> **REQUIRED WORK**
Transcribe the listing in full, excluding any pictures.

> **PROVIDED DATA**

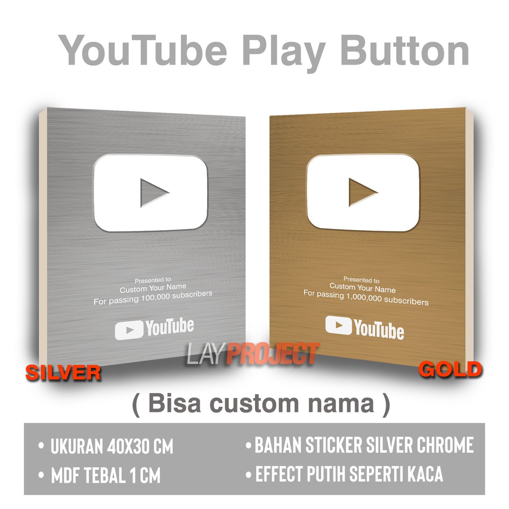 Jual Wall Decor Hiasan Dinding Youtube Play Button Silver Gold
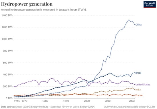 - Wikipedia. List of Largest Hydroelectric Power Stations. Available online: https://en.wikipedia.org/wiki/List_of_largest_hydroelectric_power_stations (accessed on 18 December 2024).
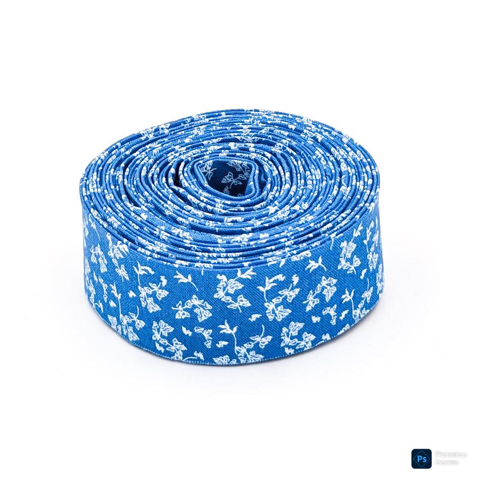 This item is 1 1/4'' quilt binding (2 1/2” strip folded in half) made from Penelope by My Mind's Eye for Riley Blake Designs. This print features scattered medium blue flower sprigs on a background of creamy white.

> **YOUR RESPONSE**
 Jual Wall Decor Hiasan Dinding Youtube Play Button Silver Gold
 - Wikipedia. List of Largest Hydroelectric Power Stations. Available online: https://en.wikipedia.org/wiki/List_of_largest_hydroelectric_power_stations (accessed on 18 December 2024).
 This item is 1 1/4'' quilt binding (2 1/2” strip folded in half) made from Penelope by My Mind's Eye for Riley Blake Designs. This print features scattered medium blue flower sprigs on a background of creamy white.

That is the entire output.